The instantaneous nature of Wave immediately makes other assumed "fast" programs seem slow. For example, adding comments to FriendFeed for a live conversation now seems slow, as it requires the entire message to be completed before being posted. In comparison, in Wave, I see you type it immediately, and can actually formulate a response as you're writing.

Google Wave, as should be no surprise, is integrated with Search. You can insert videos discovered on YouTube and photos from Picasa or other services into Wave, and make them part of any conversations. You can play back YouTube videos below text, or post new videos to those you're talking to.

But yes, as you are watching a video, more waves are crashing into your in box. While you may not get the feeling that you have hundreds of unread messages, as you do with traditional e-mail, every single wave conversation shows how many new entries have been made since you last viewed the thread. Every single wave can have dozens of new entries, depending on the number of contacts and conversation that is there.


A typical Wave "In Box" after a night's activity.

(Click for full-size image)

Meanwhile, until Google Wave is integrated into GMail or other Google services, checking your Wave becomes yet another place to go so you're not missing conversations directed your way. So for somebody like me, who has a personal e-mail address, a work e-mail address, a GMail address, and e-mail addresses for company clients, Wave is yet another inbox and place to go to check in. And the new address (louisgray@googlewave.com) is another place for people to send me things.
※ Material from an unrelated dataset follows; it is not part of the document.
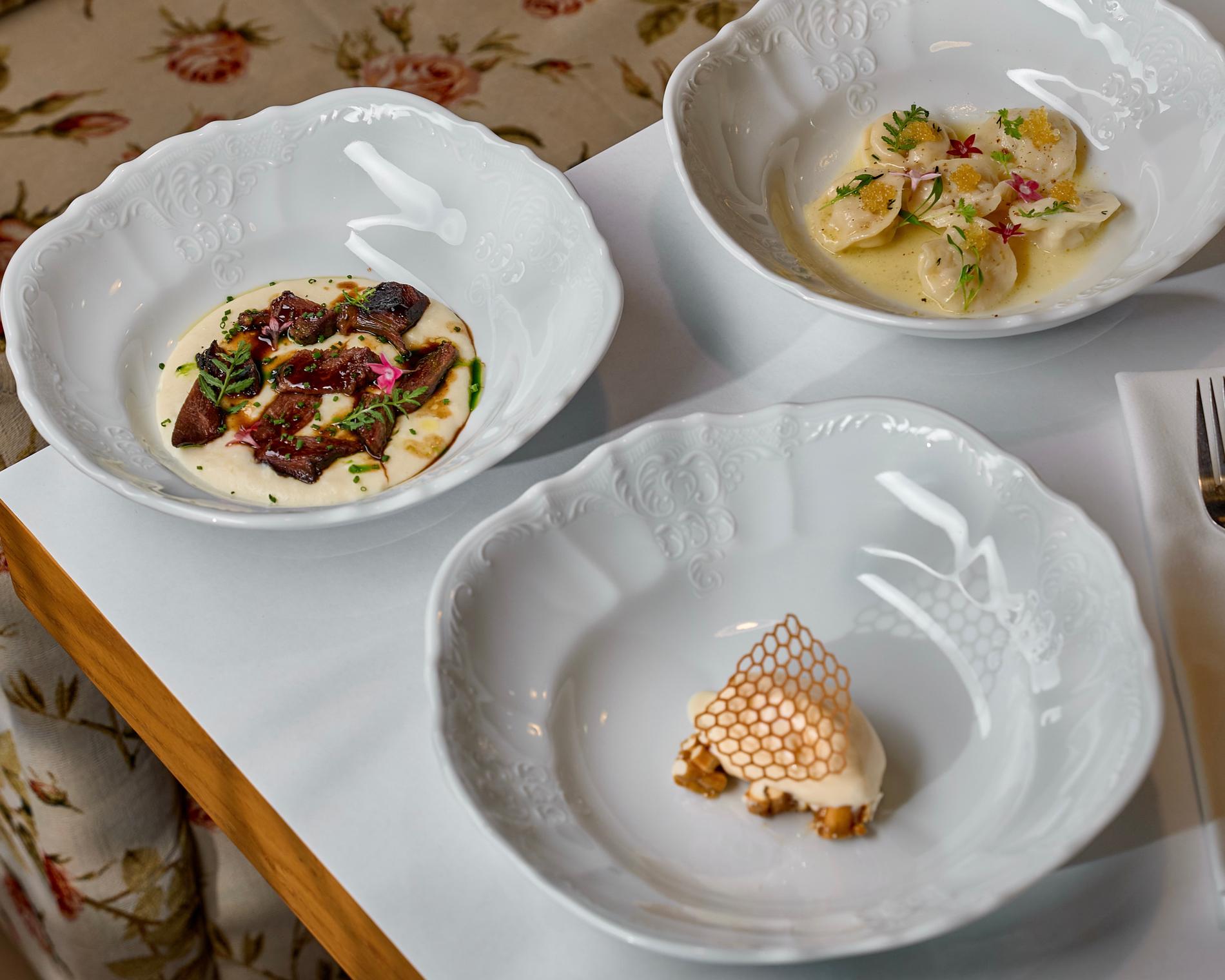 Интерпретировать разные кухни мира на русский лад у нас любят и умеют. Так, французские блюда становятся ещё более утончёнными, если в них добавить краснополянские акценты. Свежести паштету из цыплёнка придаст клубника и бальзамик. Местные абрикосы помогут сыграть на контрасте вкусов в сочетании с уткой в закрытом слоёном пироге питивье. Не оставят никого равнодушным и нежные текстуры фетучини со сморчками и сливочно-трюфельным соусом.

I can see how small teams may use Wave for real-time collaboration. Its nature offers an opportunity to further eliminate distance and improve information exchanges. The ability to add people on the fly to conversations is very interesting, as is the ability to ping somebody and have a 1-1 conversation in the middle of any wave, or in a dedicated side exchange. I expect the company is set to debut more widgets to further extend the platform, both bringing content into Wave and content out from Wave. For example, last night, Jesse Stay and I had an exchange where he added a Twitter gadget, but thanks to something I would consider a security bug, I was able to send a tweet on his behalf because I was engaged in the thread. (See the tweet I made here)

Wave, like many Google products, also supports keyboard shortcuts to aid in navigation. I hopefully hit J to go down and K to go back (like I do constantly in Google Reader), but found it is the space bar that you hit to go step by step. Wave is an extremely interesting platform, and I would bet that after the initial surge of curiosity, normal conversations and information exchange will eventually take over, so this initial spike may be an exception rather than the new rule. But if you're diving into this new technology, expect do be exerting a lot of energy to stay on top of it, because messaging just got accelerated.